■ **TASK PROMPT**: Each line of data below is to be returned exactly, leaving out any picture.

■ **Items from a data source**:
↓↓↓

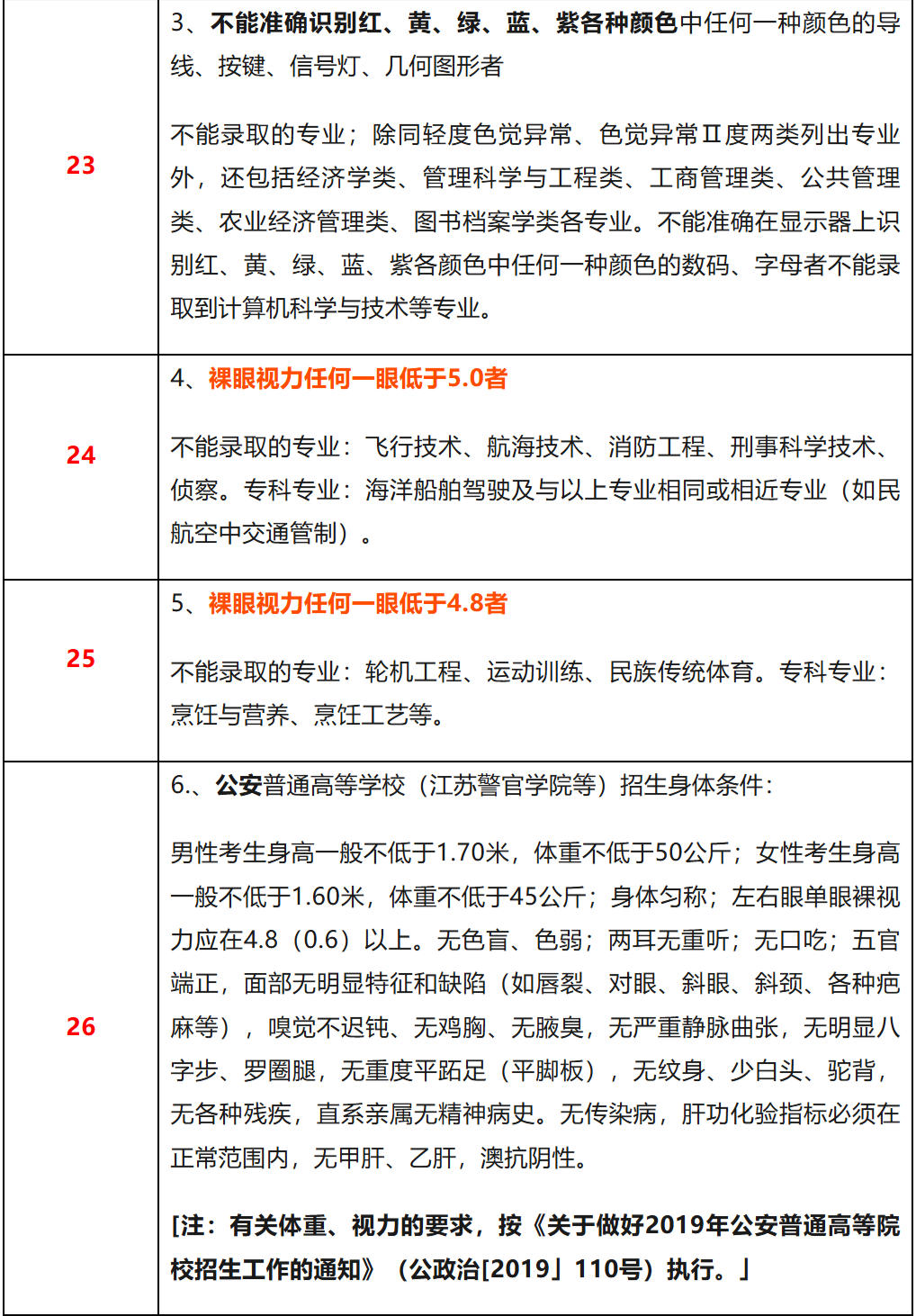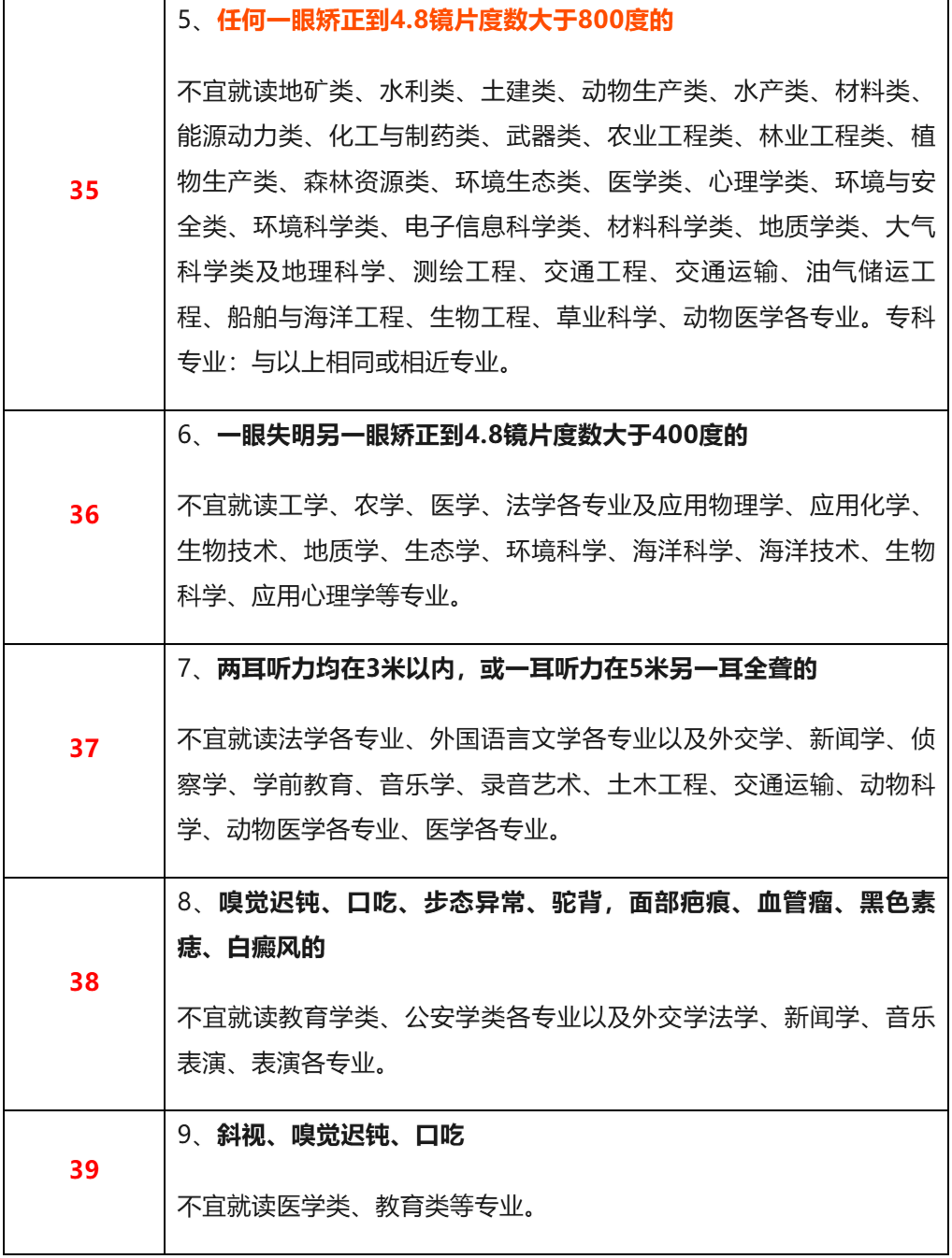 -视力不足:裸眼视力任何一眼低于5.0,不能报考飞行技术、航海技术、消防工程、刑事科学技术等专业;低于4.8的,不能报考轮机工程、运动训练、民族传统体育等专业。
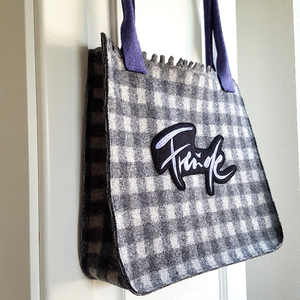 Handgemachter Karo-Stofftasche – Edle Tasche mit „Freude“-Stickerei und herausnehmbarer Innentasche
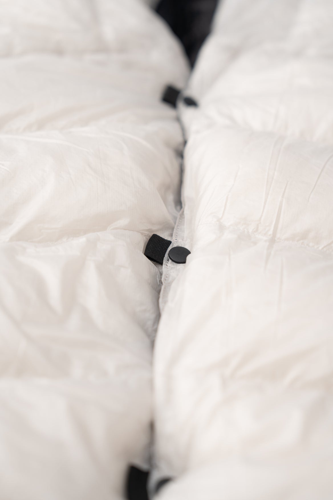 We can currently source the duck down in a fill power of 850, which means we will use more of it in a quilt compared to a 950 fill power down in order to achieve the same temperature rating. Therefore, a quilt with the 850 FP duck down will be slightly heavier than a quilt filled with 950 FP goose down.
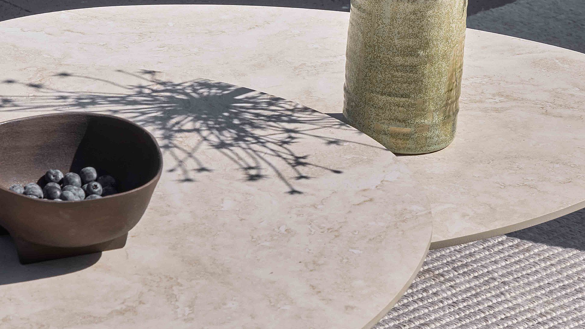 The durable Sintered Stone Cream tabletops create a marble-like look that is both scratch- and weather-resistant. The sleek, powder-coated aluminum base is available in Oyster and Bronze and pairs perfectly with the matching Pine Key lounge set. Create a refined, flexible, and luxurious atmosphere in your garden!
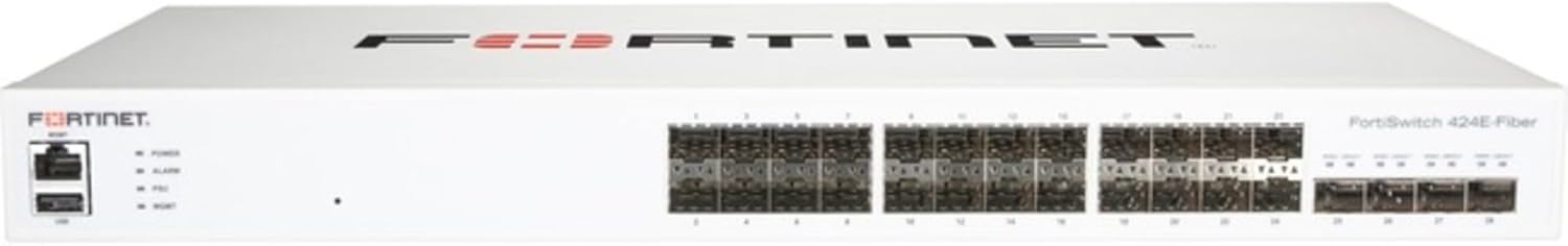 FortiSwitch 424E-FIBER er en højtydende Layer 2/3 Ethernet-switch designet til virksomhedsnetværk. Den har 24 Gigabit Ethernet SFP-porte og 4 10 Gigabit Ethernet SFP+ uplinks, der tilbyder fleksibel tilslutning og højhastigheds dataoverførsel. Denne switch er kompatibel med FortiGate switch-controllere, hvilket muliggør centraliseret administration og integration i en Fortinet-sikkerhedsstruktur.

↑↑↑

■ **REPLY**:
 -视力不足:裸眼视力任何一眼低于5.0,不能报考飞行技术、航海技术、消防工程、刑事科学技术等专业;低于4.8的,不能报考轮机工程、运动训练、民族传统体育等专业。
 Handgemachter Karo-Stofftasche – Edle Tasche mit „Freude“-Stickerei und herausnehmbarer Innentasche
 We can currently source the duck down in a fill power of 850, which means we will use more of it in a quilt compared to a 950 fill power down in order to achieve the same temperature rating. Therefore, a quilt with the 850 FP duck down will be slightly heavier than a quilt filled with 950 FP goose down.
 The durable Sintered Stone Cream tabletops create a marble-like look that is both scratch- and weather-resistant. The sleek, powder-coated aluminum base is available in Oyster and Bronze and pairs perfectly with the matching Pine Key lounge set. Create a refined, flexible, and luxurious atmosphere in your garden!
 FortiSwitch 424E-FIBER er en højtydende Layer 2/3 Ethernet-switch designet til virksomhedsnetværk. Den har 24 Gigabit Ethernet SFP-porte og 4 10 Gigabit Ethernet SFP+ uplinks, der tilbyder fleksibel tilslutning og højhastigheds dataoverførsel. Denne switch er kompatibel med FortiGate switch-controllere, hvilket muliggør centraliseret administration og integration i en Fortinet-sikkerhedsstruktur.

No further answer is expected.